Gilles added a comment.EditedDec 1 2016, 3:09 PM

The examples you'e provided for legitimate use cases aren't compelling examples of us providing a free CDN being a necessity. The examples I've seen on blogspot could host the images there, and it would be the natural reaction of people who maintain the content hotlinking to us to start hosting it themselves and fix their content when we break it.

As for the downlink not going to be downgraded, sure, what about future upgrades that won't have to happen thanks to the freed capacity?

When wikipedia started, sure, hosting your own site with images might have been costly. But so far I have yet to see an example of legit use case, in the generous sense of the term, that couldn't host the images. Because clearly they were hosting a whole lot of other images on the pages I've seen, that weren't hotlinked.

I really feel like we're talking about continuing support for something that was only relevant in the 90s. Nowadays hosting images should prove no challenge even to people who just started blogging. And I don't see how it's our mission to avoid breaking abandoned 3rd-party blog articles.

faidon added a subscriber: faidon.Dec 1 2016, 3:23 PM

It seems that you're objecting to this feature on two different grounds: one is the legality of how it's being used by users (copyvios, mainly missing attribution when the content's license requests it) and the other one is the infrastructure cost for operating it. Is this the case? If so, these two are very different objections and we (ops/traffic, but engineering in general I'd say) can mainly have an opinion on the former, I think.

I haven't run the numbers, but my gut tells me that the infrastructure & network costs are probably not going to play a major factor here.

I'm personally on the other side of the argument and see this as a useful thing to have (and certainly explicit blocking of hotlinking, like some other sites do, as super annoying). In any case, I otherwise fully agree with what @BBlack said, that this isn't something that we can just unilaterally decide on a whim.

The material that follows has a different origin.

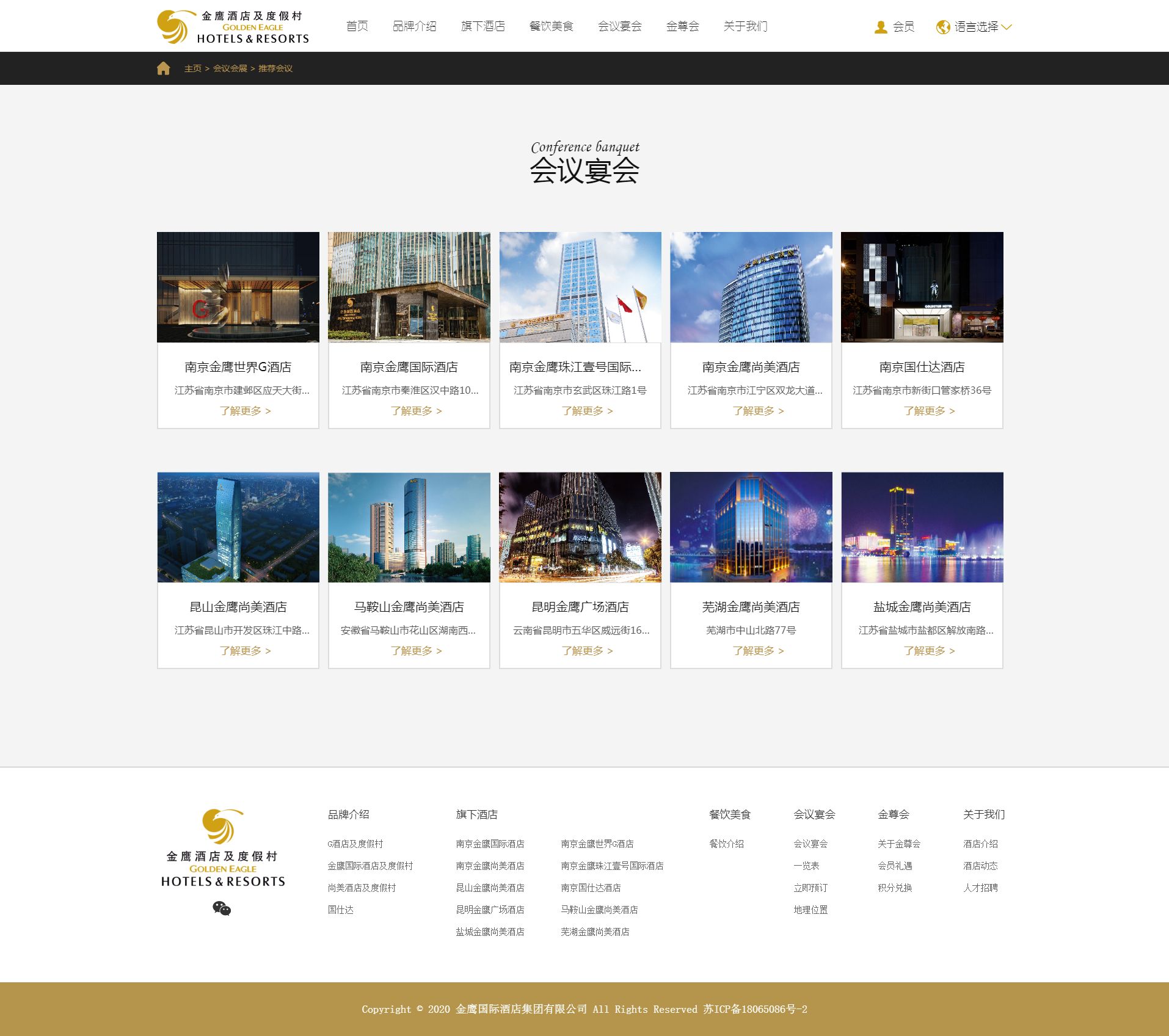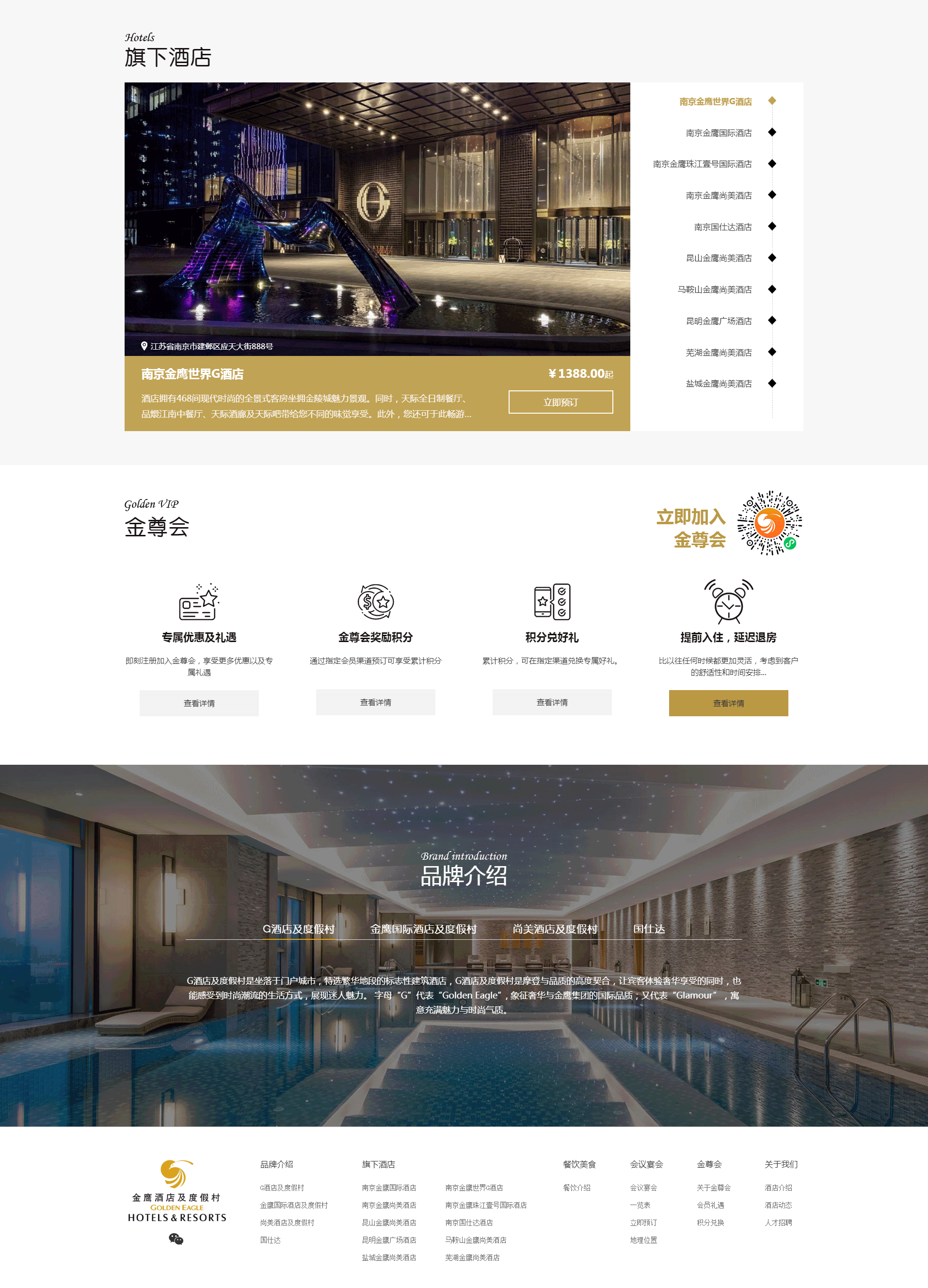 金鷹酒店及度假村管理集團創建于2006年,是金鷹國際集團旗下從事酒店運營、管理及關聯服務的業務板塊。我們擁有專屬的忠誠客戶計劃「金尊會」以及定位奢華的「G酒店及度假村」、定位豪華的「金鷹國際酒店及度假村」、定位商務的「尚美酒店及度假村」和定位生活方式類的「國仕達」等多個酒店及度假村品牌。金鷹酒店及度假村集團管理的10家酒店分布于江蘇省、安徽省、云南省等區域內的6座門戶型城市,未來還將在大中華區的多個地域樞紐型城市繁華地段籌備開業多家奢華和豪華型酒店。

fgiunchedi triaged this task as Normal priority.Dec 1 2016, 6:58 PM

The examples you'e provided for legitimate use cases aren't compelling examples of us providing a free CDN being a necessity. The examples I've seen on blogspot could host the images there, and it would be the natural reaction of people who maintain the content hotlinking to us to start hosting it themselves and fix their content when we break it.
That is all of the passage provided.